Task prompt:
For this task, output exactly the lines of the material below starting at the line with "Un bus como" and ending at the line with "Guardaparques guiando a"; pictures are to be excluded.

Extracted records:
== Segment start ==
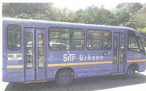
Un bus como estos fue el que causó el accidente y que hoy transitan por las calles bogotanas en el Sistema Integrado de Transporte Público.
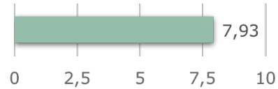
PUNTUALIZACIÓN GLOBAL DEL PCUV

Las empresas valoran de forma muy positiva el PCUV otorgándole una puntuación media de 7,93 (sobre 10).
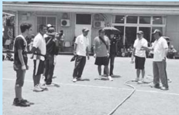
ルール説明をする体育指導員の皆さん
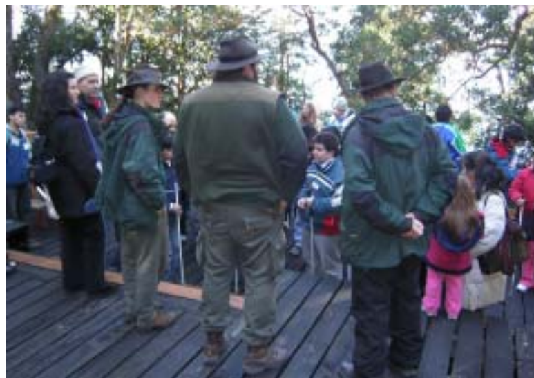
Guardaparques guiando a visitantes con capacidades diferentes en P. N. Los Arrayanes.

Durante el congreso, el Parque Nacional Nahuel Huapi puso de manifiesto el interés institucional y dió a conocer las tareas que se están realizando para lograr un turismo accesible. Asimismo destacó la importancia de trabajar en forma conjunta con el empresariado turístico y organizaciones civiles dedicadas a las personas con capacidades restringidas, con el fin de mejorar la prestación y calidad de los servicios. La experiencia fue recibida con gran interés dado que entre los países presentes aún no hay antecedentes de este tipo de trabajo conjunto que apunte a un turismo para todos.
== Segment end ==
== Segment start ==
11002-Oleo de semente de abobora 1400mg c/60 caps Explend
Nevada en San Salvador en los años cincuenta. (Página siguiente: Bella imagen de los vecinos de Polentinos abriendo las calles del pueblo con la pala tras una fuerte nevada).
== Segment end ==
Answer section:
Un bus como estos fue el que causó el accidente y que hoy transitan por las calles bogotanas en el Sistema Integrado de Transporte Público.
PUNTUALIZACIÓN GLOBAL DEL PCUV

Las empresas valoran de forma muy positiva el PCUV otorgándole una puntuación media de 7,93 (sobre 10).
ルール説明をする体育指導員の皆さん
Guardaparques guiando a visitantes con capacidades diferentes en P. N. Los Arrayanes.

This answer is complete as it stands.